This is the overloading of the terms getting you. Presuming a system with ample free memory, after the first run you won't have any OS level page faults. But anytime you try to have a working set of more than 512 4K regions in RAM, you will have TLB misses aka "page exceptions".

The madvise() option that should help here is MAP_HUGETLB. You should also be able to use this in mmap(), but not (to my knowledge) if you are doing a file backed allocation.

Any other tips for squeezing some more perf out?

Not really, learning these is my goal as well. For me, it's probably going to involve getting more familiar with the "uncore" performance monitors. Sandy Bridge and post, these are accessed via PCI rather than MSR's, and are difficult to use from 'perf'. 'likwid' supports them better, and is definitely worth exploring.

The other place to get further gains is by trying to understand the actual memory access patterns, and trying to get them to read full DRAM pages each time a bank is opened.

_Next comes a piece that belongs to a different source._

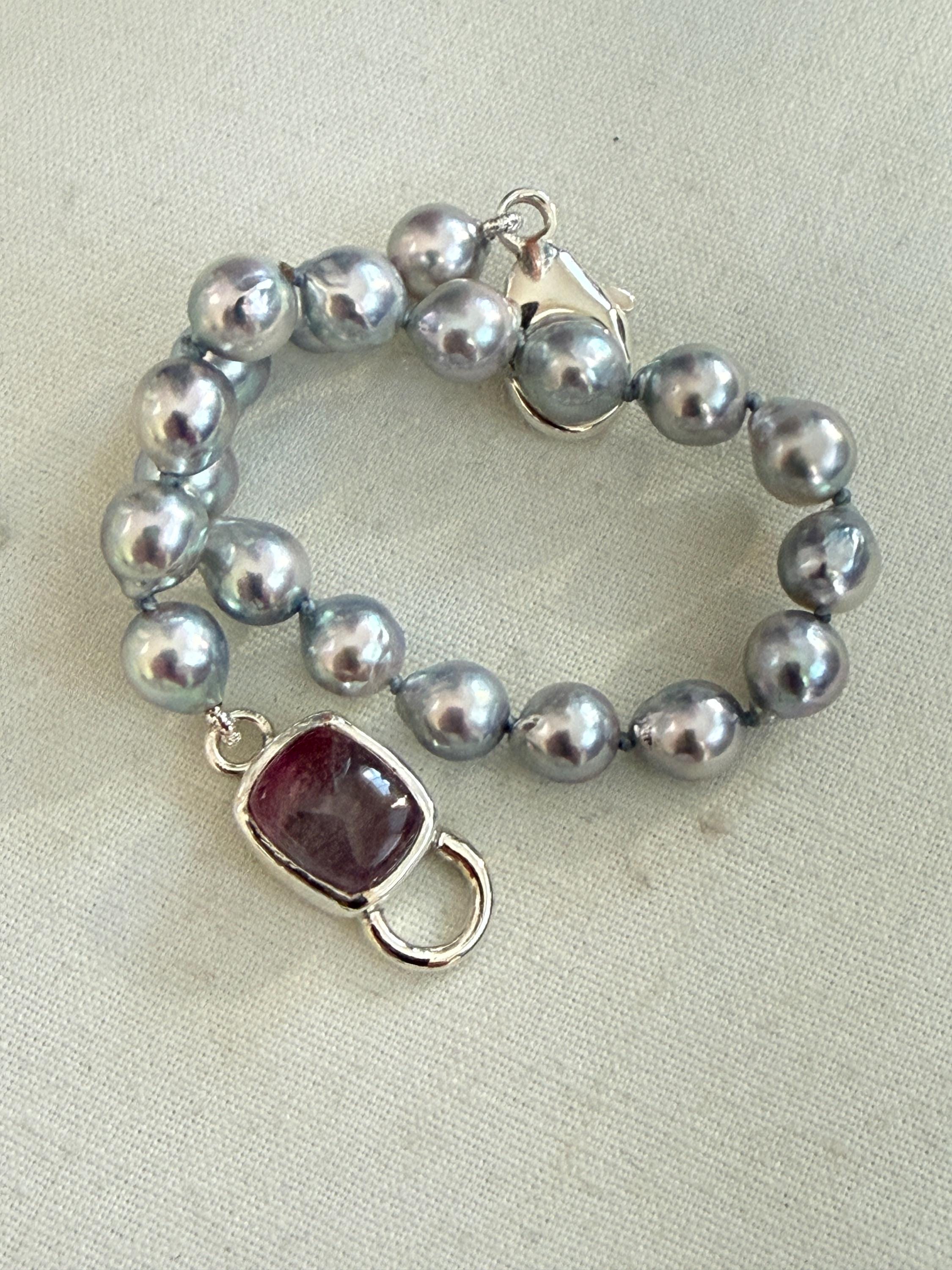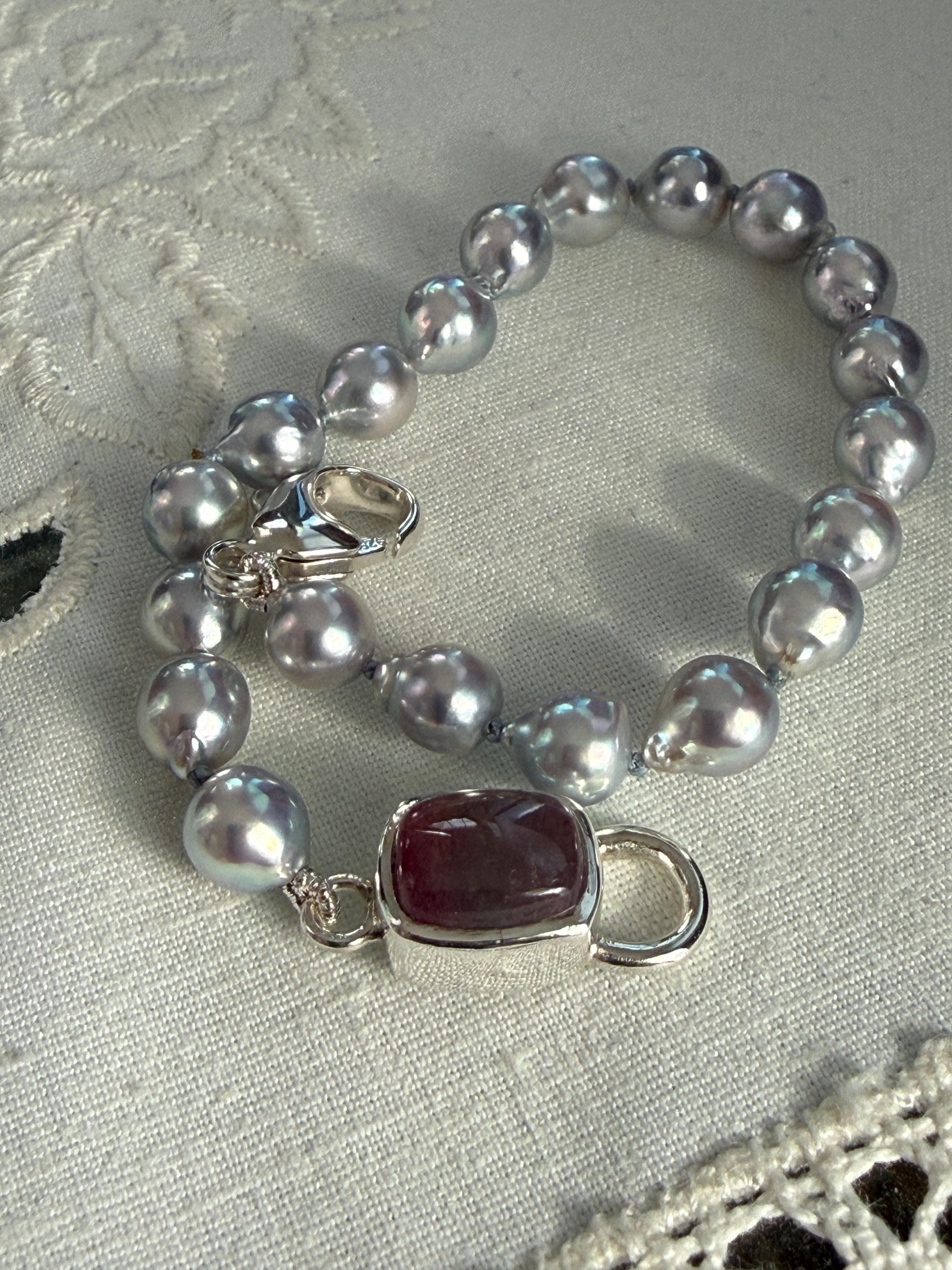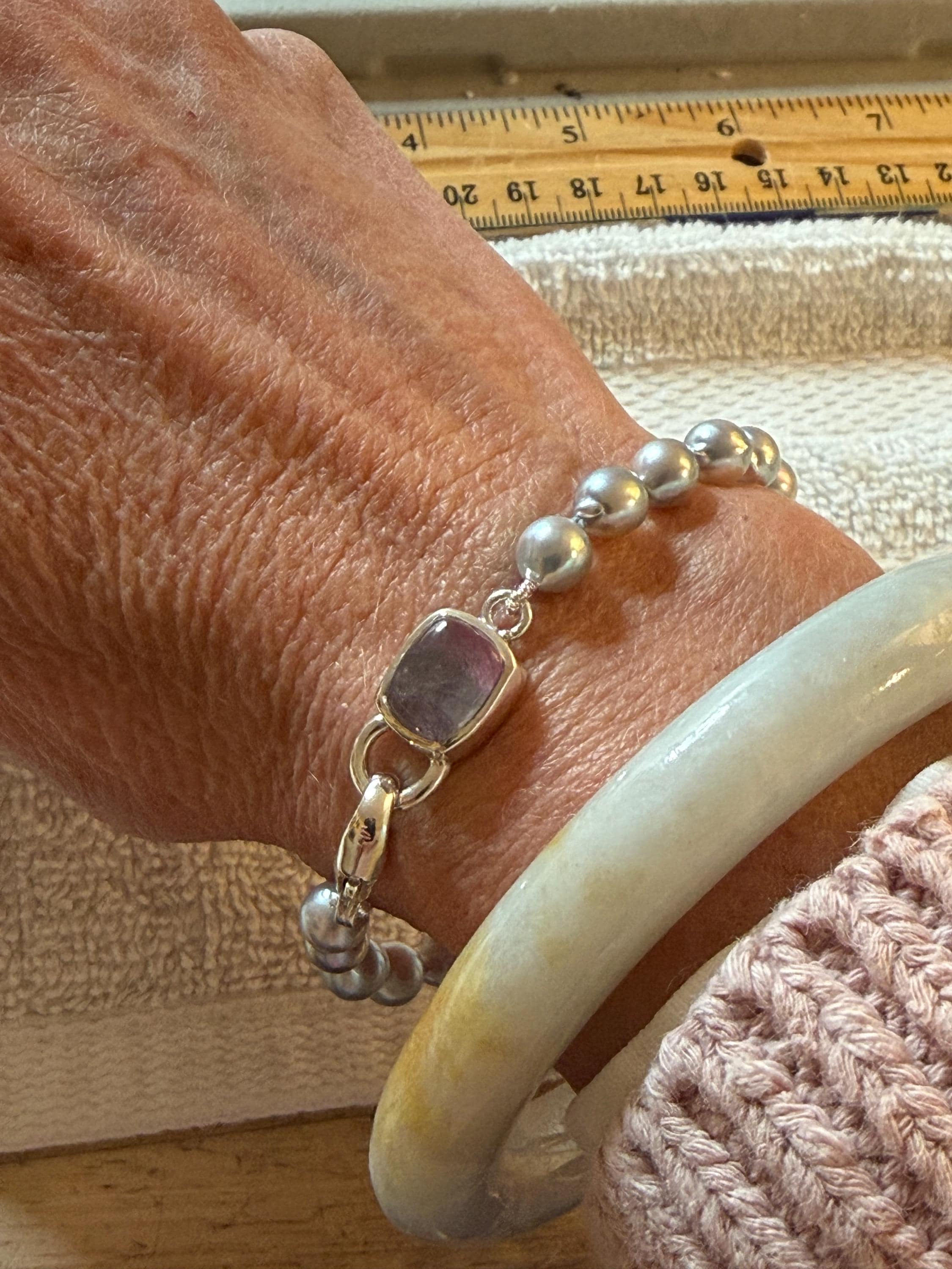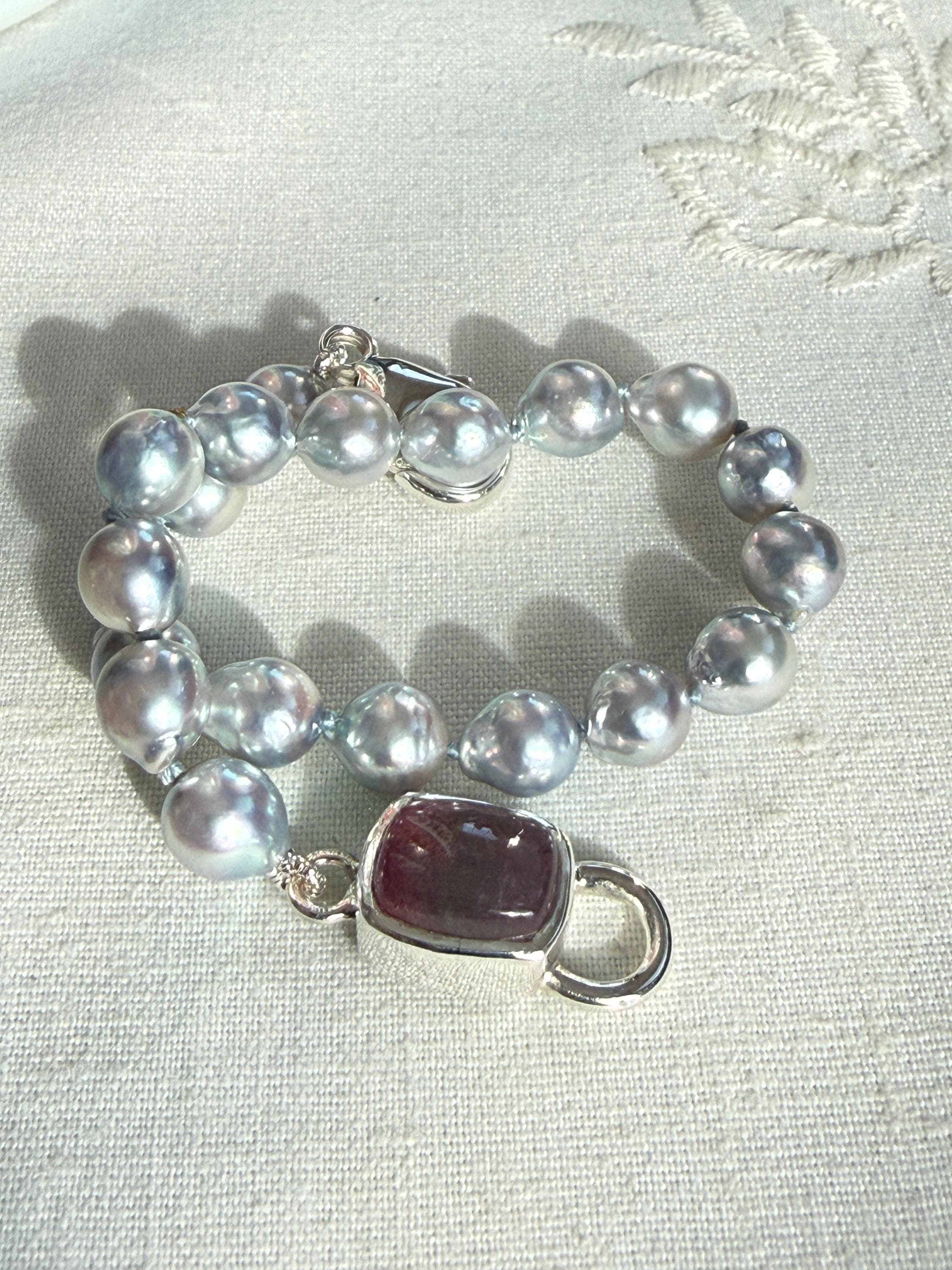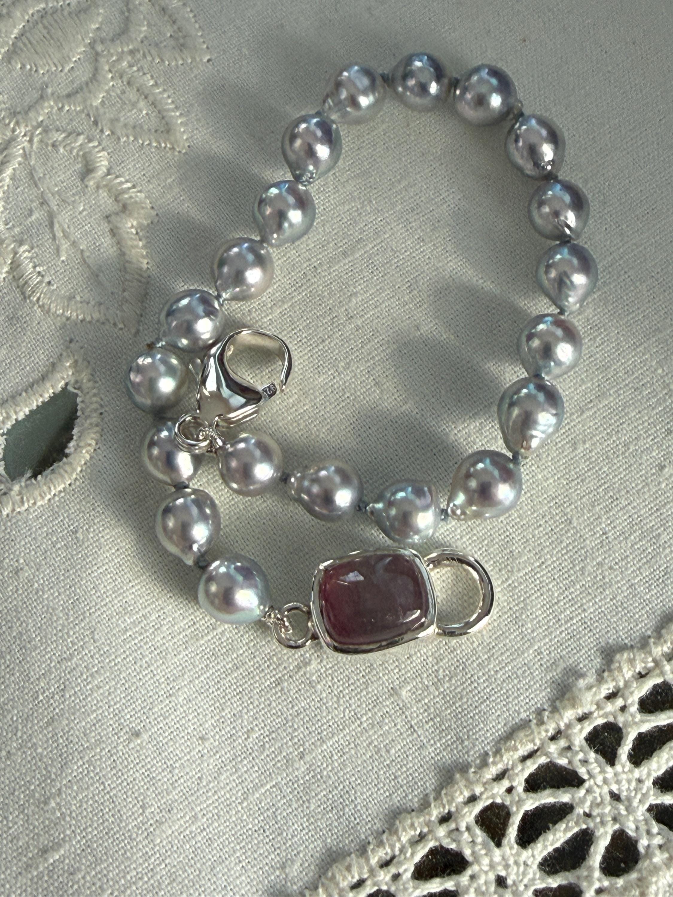 This is a bracelet for collectors! I have just this one Japanese baroque silvery blue akoya cultured pearl bracelet with amazing rose overtones and sharp luster that coordinate beautifully with the cushion shaped bi-color tourmaline cabochon. The pearls measure about 6mm and they have irregular shapes, with somewhat rippled surfaces and very very minor blemishing. The strand is a pastel silvery blue with strong pink overtones. The strand measures about 7.25 inches long and the pearls are fairly uniform in size throughout the strand. The cultured pearls are not dyed. I've set them with a stunning bezel set cabochon blue and pink bi-color tourmaline (stone is 10mmx8mm) at the lobster clasp set. There are visible inclusions in the stone, however, they do not take away from the overall beauty of this piece. I made this setting completely by hand, to fit this stone, truly making this a one of a kind bracelet. This is the actual bracelet you will receive. This bracelet measures about 7.25 inches and should fit a small/smaller-medium sized wrist. If you need more length, can make this a little bit longer for an additional fee (please reach out prior to purchasing for a price quote).

John McCalpin (author of the Stream benchmark) goes into it here: http://blogs.utexas.edu/jdm4372/2010/11/09/optimizing-amd-op...

Did you happen to do any cache miss stats your benchmarks?

This is directly related to the performance improvement, but I didn't look at the numbers separately. Glancing now, it looks like practically everything is hitting L3, but a lot of things are missing L1. This is probably worth exploring further. I think one issue is that the hardware prefetcher deposits things in L2 (~12 cycles), but not L1 (~6 cycles).


Naively, it sounds about right just on dimensional grounds. CPU clock: ~ 2GHz, so that means

    (2 GHz) / (4 GB / s) = 0.5 instructions per byte
For a 64 bit processor, you might imagine the best you can do is, say, 2 instructions per 8 bytes (load 64 bits, add+store accumulator).

But of course in practice, the CPU is occupied by other things (i.e. operating system), so I think it's still pretty amazing to get this close to the "theoretical" maximum efficiency.


I'm not sure if this is the right way to look at the problem. With the right numbers, it does provide a theoretical limit, but the problem is that there are other lower I/O limits that get in the way first.

As a stab at the right numbers, on Sandy Bridge you can issue two 16B loads per cycle. Since modern processors are superscalar, in that same cycle you can issue the two vector adds. So your actual CPU limit is more like 32B per cycle (.03 cycles per byte).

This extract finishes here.